Implications for Affected Industries

The court’s narrowing of its vacatur and injunction responds to and alleviates some of the general outcry and criticism regarding Judge Morris’s sweeping April 15, 2020 order. The key issues on appeal will likely be focused on cumulative impacts to listed species and critical habitat from new oil and gas pipelines, particularly those that involve multiple crossings of WOTUS, and the predominance of the ESA’s mandates. The court’s analysis provides a blueprint for challenges of cumulative impact coverage under the ESA due to its strong substantive mandate and to a lesser degree under NEPA, which is primarily procedural and does not mandate a particular outcome.

NWP 12 is once again a viable CWA permitting mechanism for construction through WOTUS for electric transmission, internet, cable and fiber optic lines, and for routine repair, inspection and maintenance activities for such facilities. The court’s language leaves some uncertainties that the Corps will need to address. It is unclear if extensions or looping of existing pipelines will be treated as “new” pipelines and excluded from NWP 12 authorization. Further, although the express language of NWP 12 also includes “removal” of such facilities, neither of the court’s orders includes that specific activity in either its prohibition or allowance of authorization under NWP 12. Corps districts may choose to construe the court’s narrowing of the vacatur and injunction expressly to “new” pipelines, and its silence regarding removal, to not prohibit them from using NWP 12 to authorize removal activities associated with pipelines and other facilities that meet the terms and conditions of the NWP.

We will follow the appeal to the Ninth Circuit and provide further updates as this case progresses.

Should you have questions regarding this article or the proceedings discussed, please contact Joan Drake at


[1] Allied-Signal, Inc. v. U.S. Nuclear Regulatory Comm’n, 988 F.2d 146, 150-51 (D.C. Cir. 1993).

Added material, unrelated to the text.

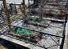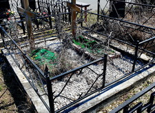 Ещё одна классическая уборка места захоронения. Отсыпанный крошкой участок замусорился, цветники поросли сорняком, металлическая оградка и кресты запылились.

[2] Standing Rock Sioux Tribe v. U.S. Army Corps of Eng’rs, 282 F. Supp. 3d 91, 104 (D.D.C. 2017), involving the similarly controversial Dakota Access Pipeline project (“DAPL”). For further information and insight on the ongoing DAPL litigation, please see our reporting at:;;; and In addition, a more scholarly discussion can be found at:, first published by the Rocky Mountain Mineral Law Foundation. 

[3] eBay Inc. v. MercExchange, L.L.C., 547 U.S. 388, 391 (2006) (the four factors a plaintiff for injunctive relief must satisfy are: (1) that it has suffered an irreparable injury; (2) that remedies available at law, such as monetary damages, are inadequate to compensate for that injury; (3) that, considering the balance of hardships between the plaintiff and defendant, a remedy in equity is warranted; and (4) that the public interest would not be disserved by a permanent injunction).

[4] Amoco Production Company v. Village of Gambell, 480 U.S. 531 (1987).

[5] Tenn. Valley Auth. v. Hill, 437 U.S. 153, 174 (1978).